Or we could increase the number of parameters in our curve to allow a tighter fit with the raw data and plot all the models together:

aurora.curve <- lm(Intensity ~ poly(x, 7), data=aurora.image)

all.predictions <- aurora.image %>%
  mutate(
    linear.prediction = predict(aurora.linear),
    chunked.prediction = predict(aurora.chunks),
    curve.prediction = predict(aurora.curve)
  ) %>%
  reshape2::melt(id.var='x')
Warning: attributes are not identical across measure variables; they will
be dropped

all.predictions %>%
  ggplot(aes(x, value, group=variable, color=variable)) +
  geom_point(size=.5)

We can see that this curved model is a better approximation to the raw data than our ‘chunked’ model in some places (e.g. x = 100), but worse in others (e.g. x = 625). Overall though, the R2 is much higher for the curves model here:

summary(aurora.chunks)$r.squared
[1] 0.4463338
summary(aurora.curve)$r.squared
[1] 0.6162421

And this is the case even though our model contains only 8 parameters, and so is just as parsimonious as the chunked model above.

# count the number of parameters in the chunked and curved models
length(coef(aurora.chunks))
[1] 8
length(coef(aurora.curve))
[1] 8

Try to plot a curve that fits even more closely to the data. There are 1200 pixels in our original image. How many parameters would you need for the model to fit the image exactly? What happens in practice if you try and fit this model?

For fun, we can even plot our data back in image form and see which is closest to matching the original:

There is no ‘right answer’ here: each model has pros and cons. You need to think about what the purpose of your model is, how you want to simplify your data, and then set up your models appropriately.

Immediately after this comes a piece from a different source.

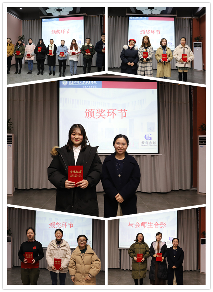 最后,迎来了激动人心的颁奖环节,分别由陈霞老师、金光美副教授、张艳老师、皮若兰老师依次为优秀奖、三等奖、二等奖、一等奖获奖学生颁发了荣誉证书并合影留恋。皮若兰老师又为优秀指导老师进行了颁奖并合影留恋。

Effect/dummy coding and contrasts

TODO: Explain this:

options(contrasts = c("contr.treatment", "contr.poly"))
lm(mpg~factor(cyl), data=mtcars)

Call:
lm(formula = mpg ~ factor(cyl), data = mtcars)

Coefficients:
 (Intercept)  factor(cyl)6  factor(cyl)8  
      26.664        -6.921       -11.564  

options(contrasts = c("contr.sum", "contr.poly"))
lm(mpg~factor(cyl), data=mtcars)

Call:
lm(formula = mpg ~ factor(cyl), data = mtcars)

Coefficients:
 (Intercept)  factor(cyl)1  factor(cyl)2  
     20.5022        6.1615       -0.7593  

Centering (is often helpful)

When interpreting regression coefficients, and especially when interactions are present in a model, it’s often overlooked that the regression parameters are the effect on the outcome of a 1-unit change in the predictor, when all the other predictors are zero. This applies to the intercept too: it is the predicted value of the outcome when all of the predictors are zero.

This is unhelpful because it makes the intercept mostly meaningless, and the other coefficients harder to interpret.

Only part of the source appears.